The idea that small businesses find it harder to adjust to these sort of challenges is well-established – this is why, for example, they have had longer to comply with auto-enrolment than their larger peers. Small firms tend to have fewer administrative staff to get to grips with regulation changes – they may also operate on tighter margins.
So does that mean we should let small businesses off the hook when it comes to the National Living Wage? Maybe they could be given longer to comply – an additional year at a lower rate, say – or permitted to pay a little less?
Well first, we don’t yet know what small businesses really think about this issue, other than a few strident voices in media reports. The Federation of Small Businesses says it has not said anything publicly about the Living Wage because it is polling members for their views. It’s also worth pointing out that there’s little evidence that employers will suffer in the ways a small number are predicting. The introduction of the minimum wage, the best part of two decades ago, was presaged by the same warnings, but profits held up and there was no discernible effect on employment.
This is partly because there are well-documented benefits that come from paying staff more, particularly around productivity and staff retention. And smaller employers reap these gains just as much as larger companies do.
It would, in any case, be a strange message to send out if we were to exempt smaller businesses from the Living Wage. If we decide that all workers should receive a certain minimum income, it would be odd to suggest that those working for smaller employers are not equally deserving. The same is true with issues such as the ruling on working hours.

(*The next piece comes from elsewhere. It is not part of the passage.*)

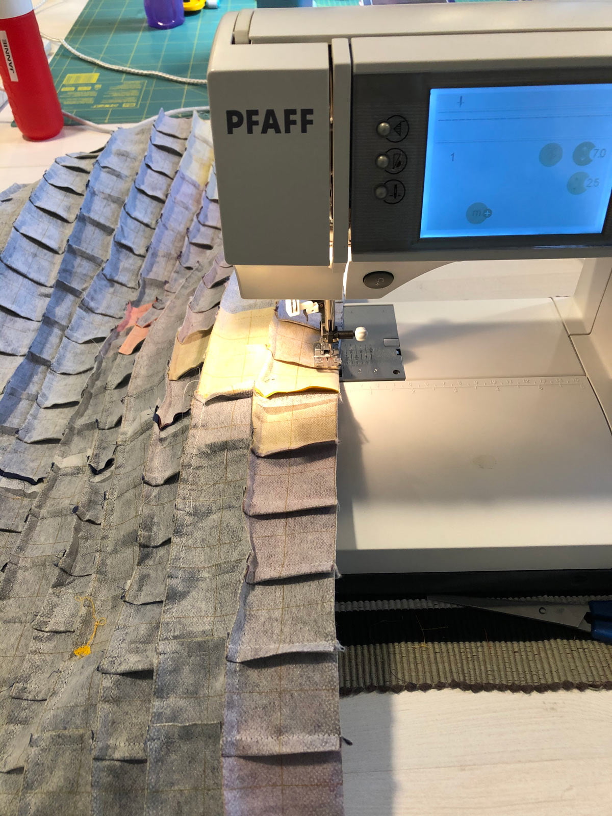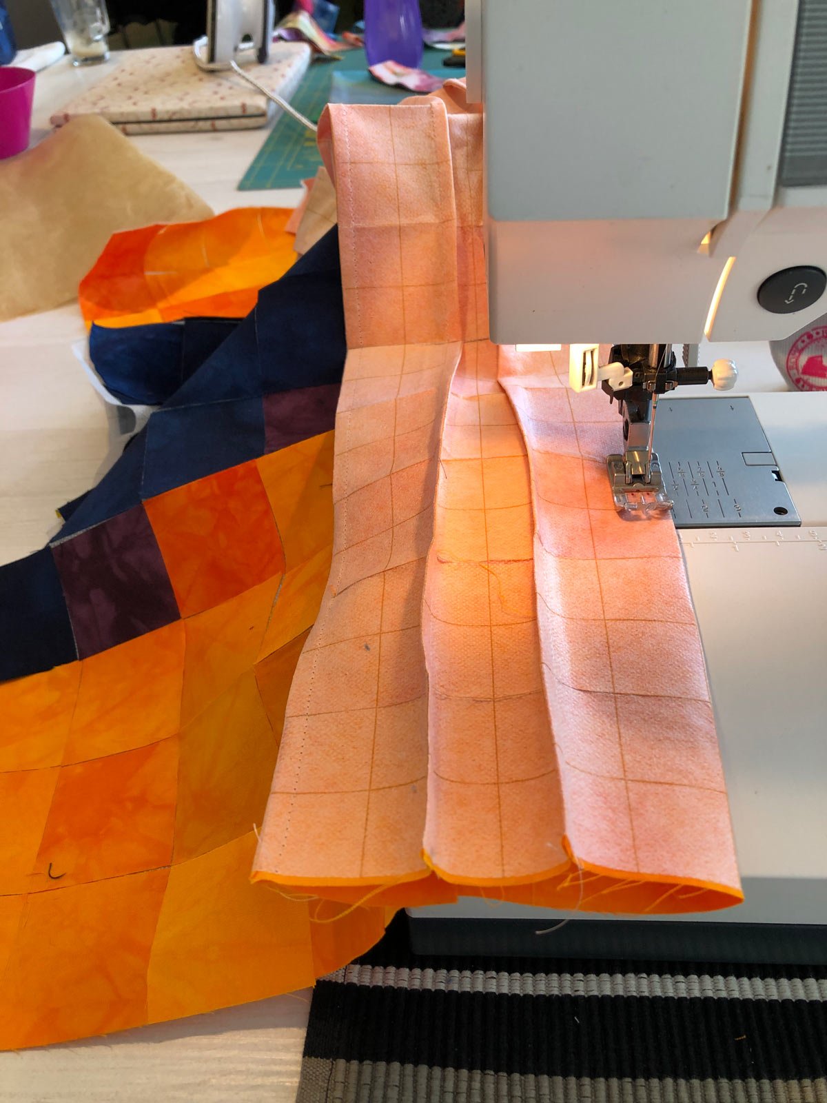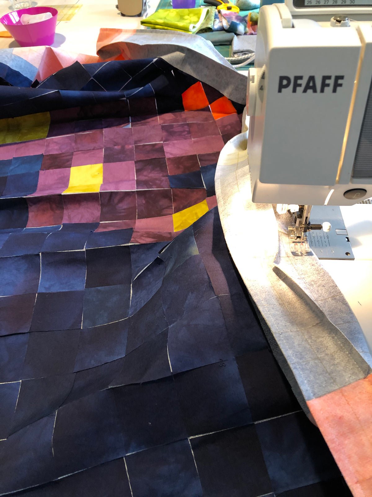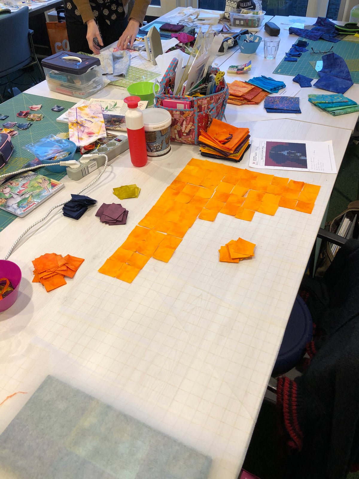 Met mijn eigen geverfde stoffen ben ik aan het werk gegaan. Van de juffen kregen we een pakje Quiltgrid. Dit is een soort vlieseline die in inch blokjes is ingedeeld. Mijn keus viel op 2 inch dus een vierkantje van 2×2 blokjes gebruiken. Eerst de kleuren bij elkaar zoeken en dan de blokjes gaan snijden. De blokjes op het Quiltgrid leggen, het is net puzzelen. Eigenlijk borduren met vierkantjes stof. In ons lokaal is het af en toe ook muisstil. Je hoort deelnemers ook in zichzelf praten en tellen. Iedereen is geconcentreerd bezig.

None of which is to say smaller companies should just be expected to put up with an ever-heavier burden of employment regulation and responsibility without some recognition that their shoulders are not so broad. There are plenty of ways to support small businesses so that the impact of reforms such as the Living Wage does not prove unbearable. Above all, this is what the tax system is for: a progressive tax framework is based on ability to pay.
There was a time when the Treasury recognised this. In 2000, larger companies paid corporation tax at a rate of 30 per cent, while smaller businesses paid only 20 per cent. Today, all businesses pay this lower rate. In other words, while large companies have seen their tax bills fall by a third, small businesses have had no additional help at all.
This is difficult to justify. We can’t expect smaller businesses to absorb the same additional costs as big companies, while at the same time asking them to pay more tax relative to these larger organisations with deeper pockets.
The National Living Wage is an important initiative that will help many low-paid workers and reduce the extent to which taxpayers have to subsidise employers who don’t pay decent wages. But let’s take some of the gain from the policy and use it to support smaller companies that are going to find it difficult to cope.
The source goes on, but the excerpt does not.